A Model of the Godhead and its Contents - Addendum I: The Dreamsleeve, Oceans, and Hermaeus Mora

Part I

Part II

Part III

This minor addendum (and any future addenda) to the previous parts is only written to connect the dots between a few ideas and shore up my cosmological model with new information. If you haven't read the previous parts, this might not make any sense to you whatsoever!




In Part III, I described the Dreamsleeve in the following way:

> The Dreamsleeve, all the parts of the Godhead that aren't Amaranths, is the infinite river of data. It contains and transmits all information, all possible things, all possible ideas. But it's incoherent. It's jumbled, almost impossible to parse, indistinguishable from random noise, and so, despite being utterly full of stimuli, it provides the sensory deprivation necessary for an Amaranth to start up a Dream. It's like a white noise machine.

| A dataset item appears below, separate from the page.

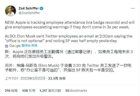 【ITBEAR科技资讯】3月23日消息,据国外科技媒体 Platformer 的 Zoë Schiffer报道,苹果公司正在实施新的出勤政策,通过徽章记录员工的出勤情况,以确保员工每周在公司办公室工作 3天的时间。如果员工未达到要求,则可能会发出“增强警告”。
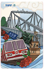 第一张票卡,展现的是平津战役胜利70周年,以“巧夺金钢桥”事件为主场景,将新老金钢桥置于同一画面,表现这座老桥由1903年的一座双叶承梁式钢架桥,历经战争摧残,至1996年全新改造为如今的“彩虹桥”的坎坷命运,革命战士群像雕塑再现了平津战役主战场的宏大场面,凸显平津战役胜利的伟大意义。

And regarding the controversial "soul recycling" aspect of the Dreamsleeve, I said this:

> I think it's as simple as the Dreamsleeve being the place where all information comes from, including the information that makes up an identity. It doesn't recycle a soul as a whole so much as take in the information of an identity, which gets lost, absorbed, in the random noise. Its elements may get used again, shuffled in with others, when another identity is pulled from the noise by Anu, or another Amaranth.

> ---

> The following from Part III's comments, in response to /u/Mdnthrvst's skeptical comment: An identity being constructed from the noise of the Dreamsleeve fits with its description as a map of all mortal minds (in that said map is contained within the noise), though I can't for the life of me recall where that description came from either. So the question can also just be phrased as what Anu pulls from the Dreamsleeve. Even if the identity doesn't return to the noise, the noise is infinite and random, so recycling isn't necessary at all.

So, whether the Dreamsleeve recycles or does not, I think the AE comes from and returns to it in some fashion.

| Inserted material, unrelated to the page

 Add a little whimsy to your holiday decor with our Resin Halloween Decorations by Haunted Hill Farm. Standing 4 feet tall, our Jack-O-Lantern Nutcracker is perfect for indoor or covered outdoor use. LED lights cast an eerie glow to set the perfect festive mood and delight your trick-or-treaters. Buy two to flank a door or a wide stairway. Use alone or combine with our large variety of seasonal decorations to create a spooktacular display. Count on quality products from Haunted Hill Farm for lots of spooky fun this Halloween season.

Next up, a running theme from this series is the symbolism of parts of the Aurbis matched up with greater metaphysical principles of the Godhead:

> What's across the Godhead from Anu? Other Amaranths. What's across Oblivion from Mundus? Other realms, the Princes. What's across the oceans from Tamriel? Other continents.

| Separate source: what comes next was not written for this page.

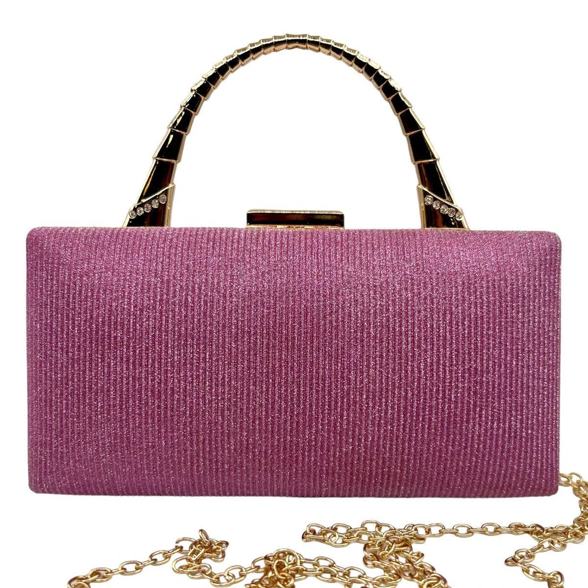 Sac pochette rigide d’une forme rectangulaire avec finition brillante et scintillante.
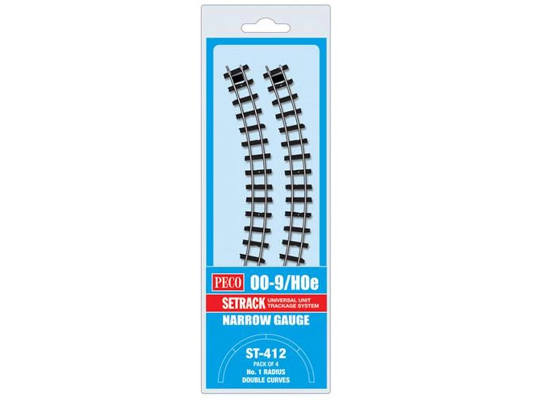 Modell: Spur H0e. ST-412 Code 80 Setrack Gleis gebogen mit Holzschwellen-Nachbildung, Radius 228 mm, Winkel 45 Grad.

Finally, in a recent thread, there has been a lot of discussion about Hermaeus Mora, the oceans, and mortal memories. If, as the Mora worshiper in that screencap says, all mortal memories go into the water, then that implies a connection with the Dreamsleeve.

I'll posit the following to thread these all together: The oceans of Nirn, as discussed before, are symbols of the Dreamsleeve. In the same way that Amaranths might provide access to each other through the symbolism of continents, oceans and other bodies of water might provide access to the Dreamsleeve through their own symbolism. Mortal AE might pass through the oceans to join up with the infofoam of the Dreamsleeve; perhaps they even leave imprints of themselves in this process, memories, which might be called up again from the depths. (I'm reminded here of the holographic theory of black holes and the information they consume.)

And it's especially fitting that Hermaeus Mora be a sea-god, in light of this. The Dreamsleeve contains all possible information, roiling about in an incoherent mess (according to me, anyway). The oceans contain all mortal memories, perhaps churning about in the depths. Mora contains an infinite library, impossible to navigate, with unlabeled books and snippets of sense lost without the context required to decode them.

So, once again I fall on the side of symbolism rather than literal interpretation with this new information. The oceans are still the oceans, but, through their symbolic nature, they can serve as gateways to higher-order concepts, such as the Dreamsleeve, Oblivion in general, or Mora in particular. It all depends on how you interpret them, and whether you have the mastery or inherent nature required to feel the connections.

(I would tentatively venture that this also implies that Oblivion is indeed infinite in variation, with realms and spirits, both lesser and greater, that no finite mortal has ever encountered or heard of. They'd be off doing their own things, without a care in the Aurbis for Nirn and its affairs. Oblivion politics indeed, Haskill.)